This project demonstrates the application of computer vision in healthcare by detecting tumors in brain MRI images. The project utilizes the Detectron2 framework, focusing on the COCO-Detection/retinanet baseline model, to achieve accurate tumor detection. Additionally, the project is presented as a web application using Streamlit for user-friendly interaction.
- Detectron2 Overview
- COCO-Detection/retinanet Baseline
- Web Application
- Dataset
- Project Structure
- Installation
- Web Application
Detectron2 is a cutting-edge object detection framework developed by Facebook AI Research (FAIR). It simplifies the process of building, training, and deploying object detection models. By providing modular components and pre-implemented state-of-the-art algorithms, Detectron2 enables efficient experimentation and development in the field of computer vision.
The COCO-Detection/retinanet baseline is a specific object detection model architecture available within Detectron2. RetinaNet is a one-stage object detection model known for its efficient speed and competitive accuracy. It's especially suited for detecting objects of varying scales and sizes, making it a suitable choice for medical image analysis like tumor detection in brain MRI images. The COCO-Detection baseline further fine-tunes the RetinaNet architecture on the COCO dataset, which is a widely-used benchmark for object detection tasks.
The user-friendly web application powered by Streamlit simplifies the utilization of the tumor detection model. Users can effortlessly upload their brain MRI images and instantly visualize the detected tumor regions.
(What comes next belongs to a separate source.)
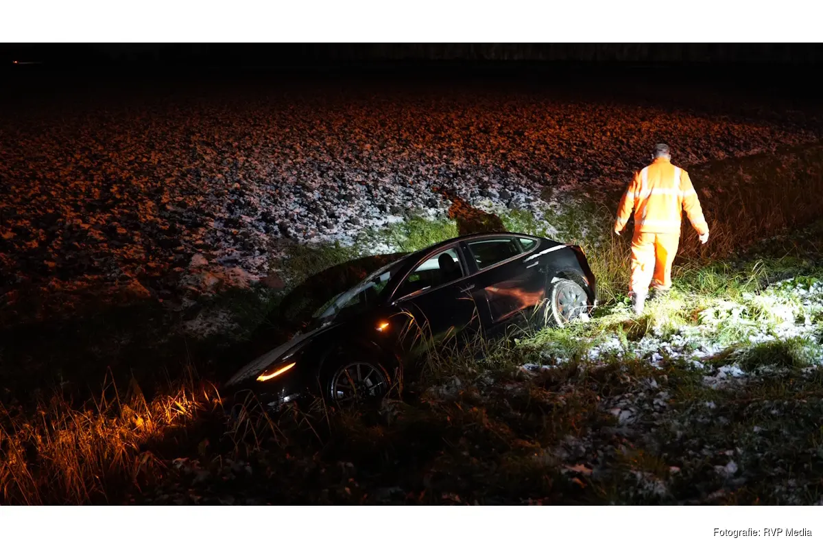 Een bergingsbedrijf heeft de beschadigde auto met behulp van een lier uit de sloot getakeld en afgevoerd.

The dataset used in this project is sourced from Roboflow Universe. This dataset consists of axial brain MRI images annotated with tumor regions.
- train: This directory contains files for training the model. The trained model weights
are saved in the
/train/output/
directory, eliminating the need for retraining. The project's training progress, such as loss and validation plots, can be found here as well. The selected model weights for deployment were taken from epoch number 3000 based on the provided training and validation plots.
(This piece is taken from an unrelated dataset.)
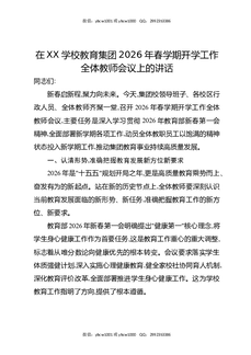 在XX学校教育集团2026年春学期开学工作全体教师会议上的讲话.docx

To set up and run the Tumor Detection project locally, follow these steps:
Clone the repository:
git clone https://github.com/sevdaimany/Tumor-Detection-Brain-MRI
cd Tumor-Detection-Brain-MRI
Create a virtual environment (recommended):
python -m venv venv
source venv/bin/activate # On Windows: venv\Scripts\activate
Install the required dependencies:
pip install -r requirements.txt
Download the dataset from the provided link and place the images in the appropriate data/train/imgs, data/train/anns, data/val/imgs and data/val/anns folders.
Download the trained model dataset from here and put it in train/output folder.
The web application provides a user-friendly interface for tumor detection:
Launch the Streamlit app:
streamlit run main.py
Open your web browser and navigate to the provided URL.
Upload an MRI image using the app's interface.
View the uploaded image with highlighted tumor regions.